Reputation: 435
I have a Dataframe like this:
id1 id2 c1 c2
1 a1 5 3
1 a1 6 2
1 a1 9 4
2 b1 5 2
2 b1 23 43
1 a1 34 32
3 3a 234 435
Now I want to add eight new columns like this:
c1_max c2_max c1_secondMax c2_secondMax c1_thirdMax c2_thirdMax c1_min c2_min
I want to groupBy id1
and id2
I already added the c1_max c2_max c1_min c2_min
columns like this:
features = ["c1","c2"]
maxData = all_data.groupby(['id1','id2'])[features].agg('max')
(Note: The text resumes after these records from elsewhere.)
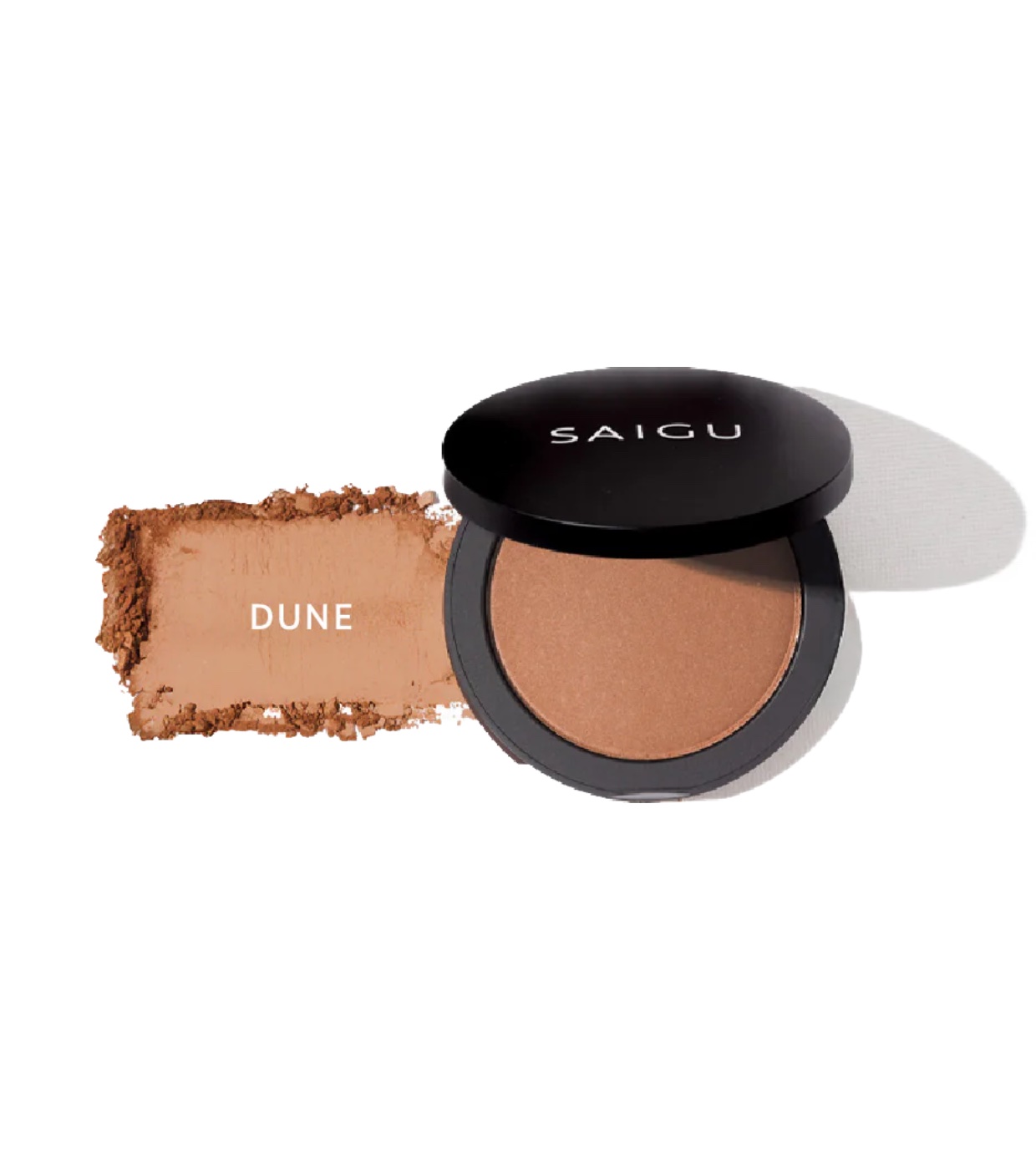 Descubre el bronceador en polvo de Saigu Cosmetics que ofrece una textura fina y sedosa, fácil de aplicar e integrar para un acabado perfecto.
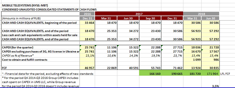 МТС удерживает свободный денежный поток на примерно одном уровне с 2017 года, прирост за 12 мес составил +3.5%.
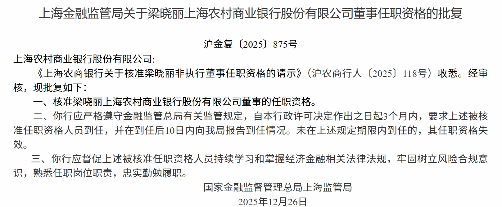 1月7日,上海金融监管局发布关于梁晓丽上海农村商业银行股份有限公司董事任职资格的批复,核准梁晓丽上海农村商业银行股份有限公司董事的任职资格。
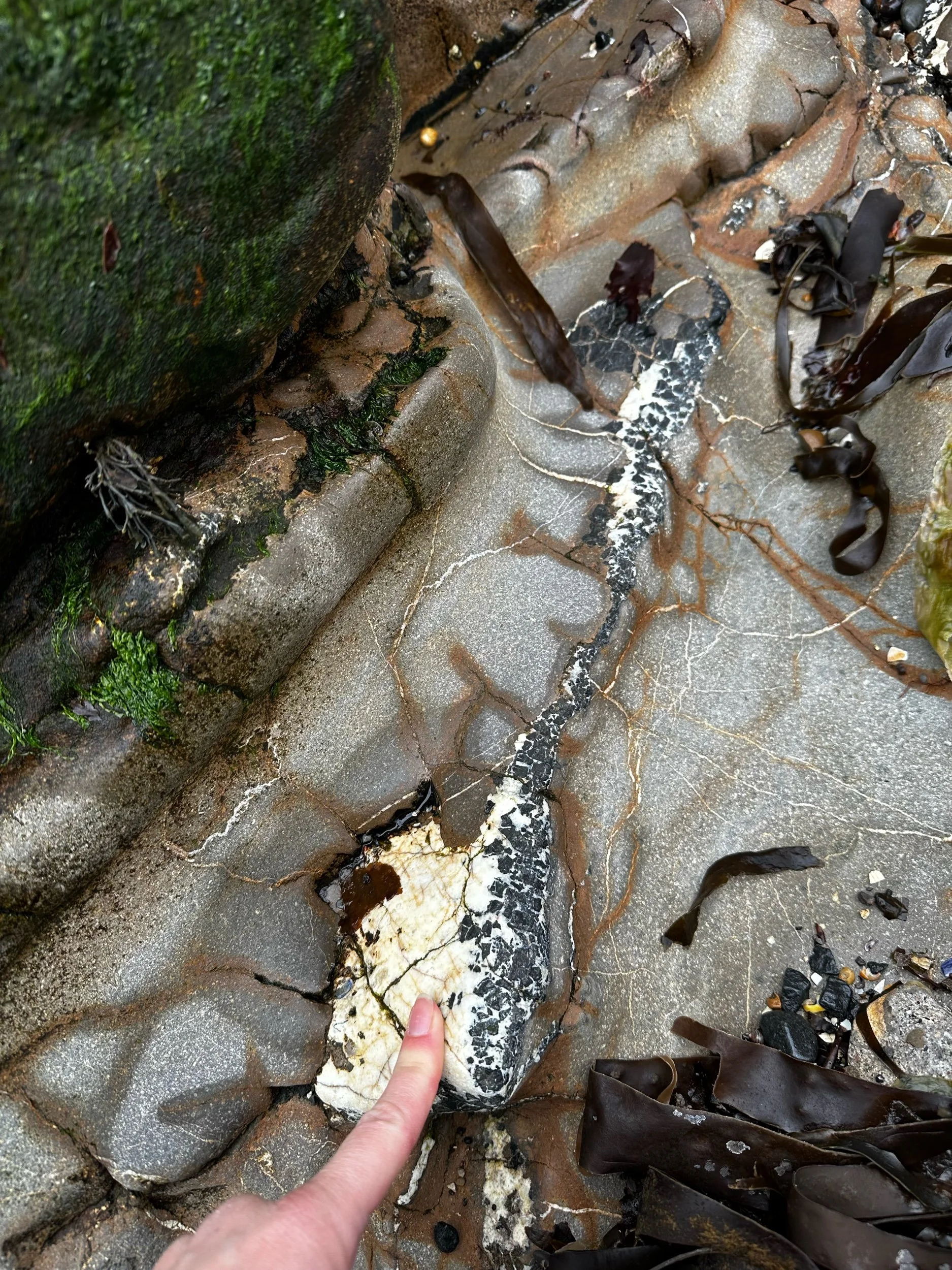 Walk along the intertidal zone where the sea reveals perfect cross-sections through the geology.
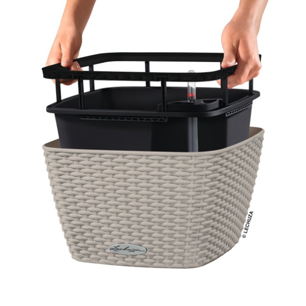 Stylový a praktický květináč Lechuza BACINO Cottage spojuje elegantní vzhled s moderními technologiemi péče o rostliny. Charakteristická struktura imitující ratan dodá vašemu interiéru, terase i balkonu útulnou atmosféru, zatímco integrovaný samozavlažovací systém Lechuza zajistí optimální přísun vody bez každodenní péče. Do květináče se vejde 6litrů zeminy a 2 litry vody.
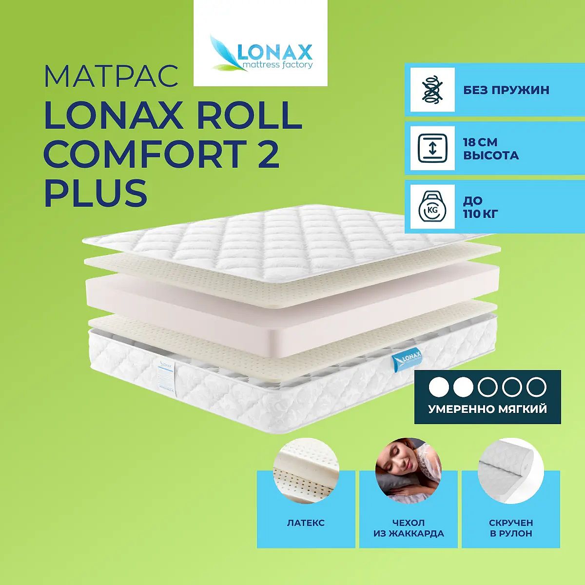 Средне-мягкий матрас «Lonax Roll Comfort 2 Plus» просто создан для настоящего ценителя комфорта. Такая модель отлично подходит людям с небольшим весом.
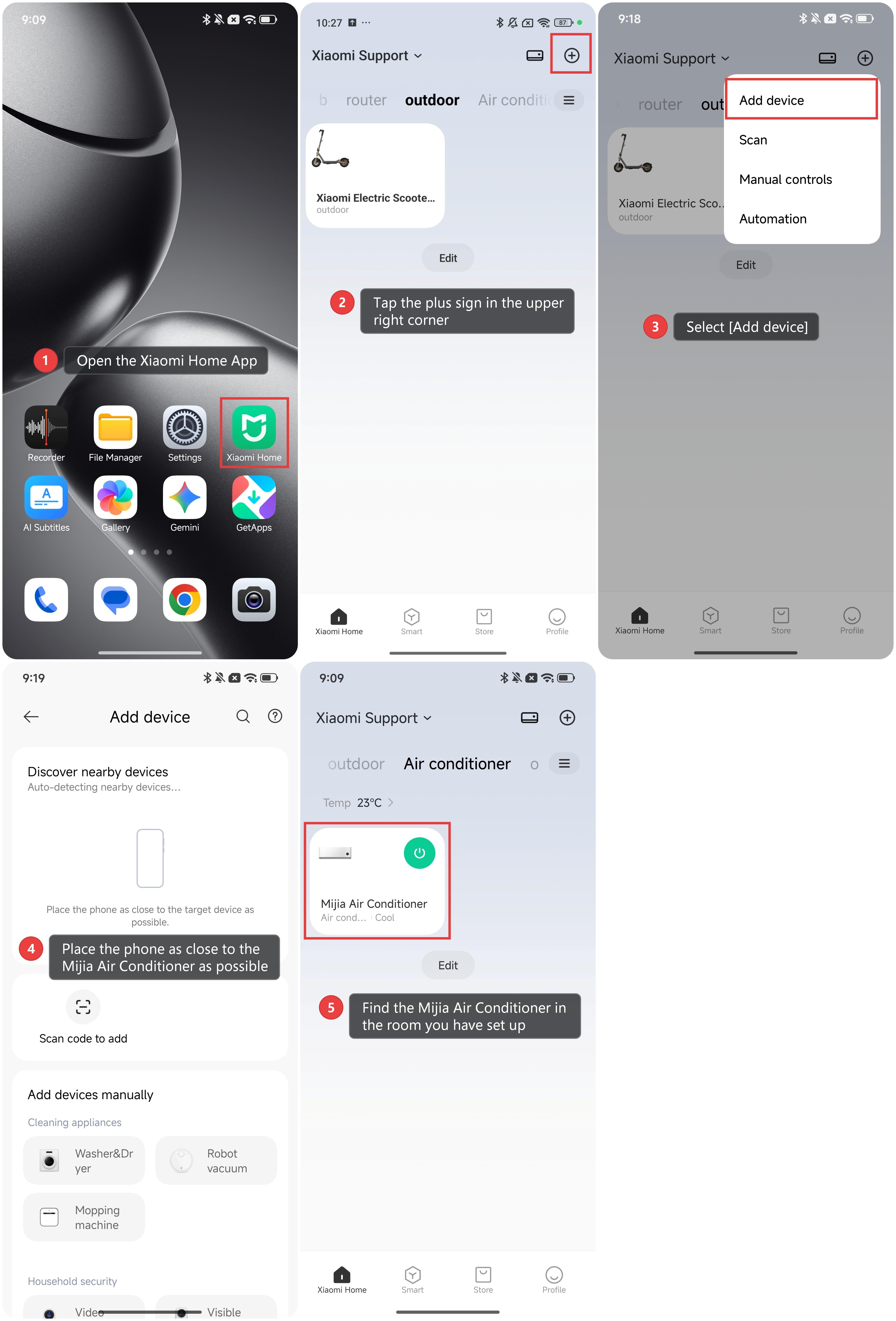 To add the Mijia Air Conditioner to the Xiaomi Home App, follow the steps below:
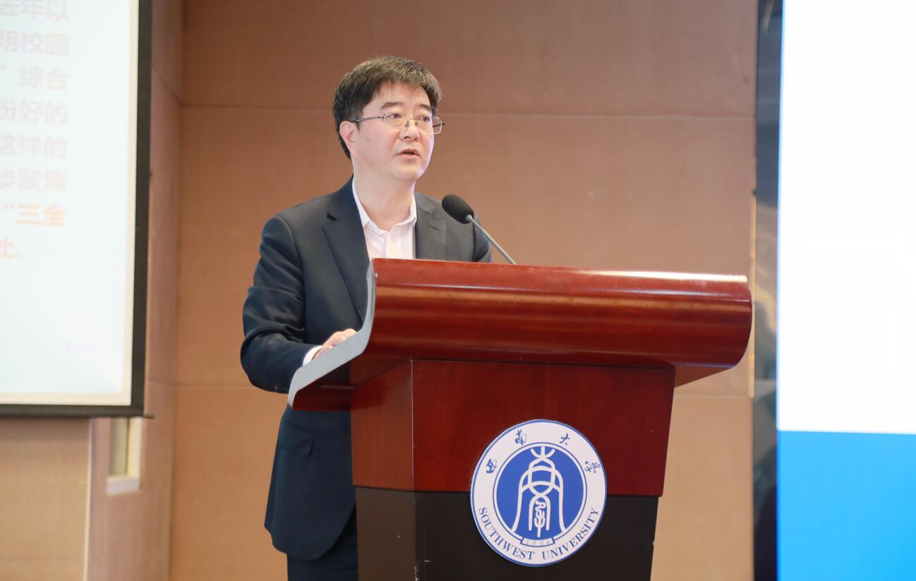 学校党委副书记潘洵作“三全育人”综合改革暨文明校园创建工作报告,他指出,学校深入推进“三全育人”综合改革和文明校园创建工作,强化顶层设计、理顺体制机制,聚焦重点工作、稳步推进落实,注重品牌建设、打造示范项目,取得了阶段性成果。报告对学校下一步工作作了具体部署,学校将以即将印发的《“三全育人”综合改革实施方案》《文明校园创建工作方案》为统领,全面推进“十大行动计划”,实施五大聚能工程,实施六大引领行动,统筹推进“三全育人”综合改革和文明校园创建工作,奋力开创大思政、大文化工作之新局,着力打通育人“最后一公里”。
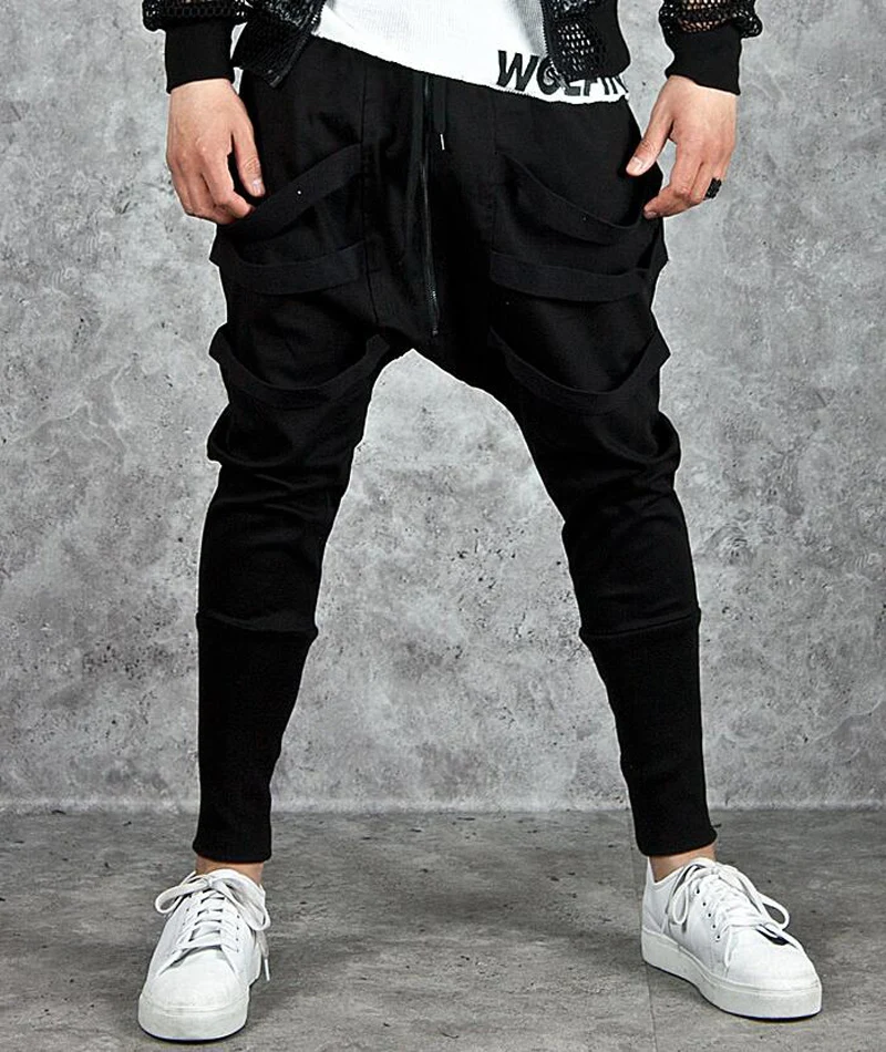 Мужские крутые спортивные штаны с большими карманами на манжетах /черные/
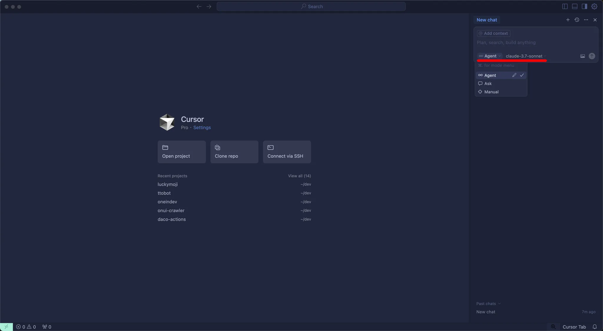 chat 옵션에는 Agent, Ask, Manual 이 있습니다. 이 옵션은 Cursor 업데이트 마다 약간씩 변경이 있을 수 있습니다.
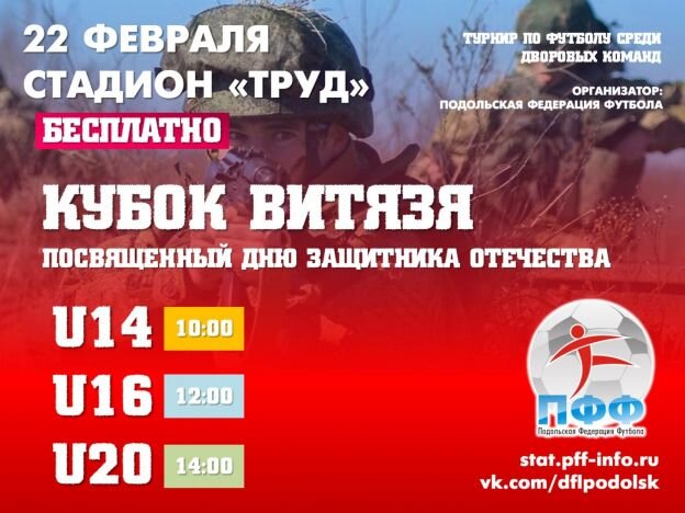 Как сообщили в пресс-службе ФК «Витязь», 22 февраля на запасных полях спорткомплекса «Труд» Подольская федерация футбола проведет уже традиционный турнир ко Дню защитника Отечества – Кубок Витязя.
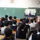 体育館の空調工事がまだ続いているため、3学期始業式もリモート開催でした。式を始めようとしたところ、半数近くの教室で、大型モニターに映像がうまく映らないハプニングがありました。そのため、映像がつながった教室へ椅子をもって移動して式を行うことになりました。

all_data = pd.merge(all_data, maxData.reset_index(), suffixes=["", "_max"], how='left', on=['id1', 'id2'])
minData= all_data.groupby(['id1','id2'])[features].agg('min')
all_data = pd.merge(all_data, minData.reset_index(), suffixes=["", "_max"], how='left', on=['id1', 'id2'])
But, how do I add _secondMax
and _thirdMax
. Basically, they are the second max and third max of those rows.
Upvotes: 0
Views: 49
Reputation: 153460
Let's try this:
smax = lambda x: x[x.rank(ascending = False) == 2]
smax.__name__ = 'secondMax'
tmax = lambda x: x[x.rank(ascending = False) == 3]
tmax.__name__ = 'thirdMax'
df_out = df.groupby(['id1','id2']).agg(['max','min',smax, tmax])
df_out.columns = [f'{i}_{j}' for i,j in df_out.columns]
df_out = df.merge(df_out, on=['id1','id2'])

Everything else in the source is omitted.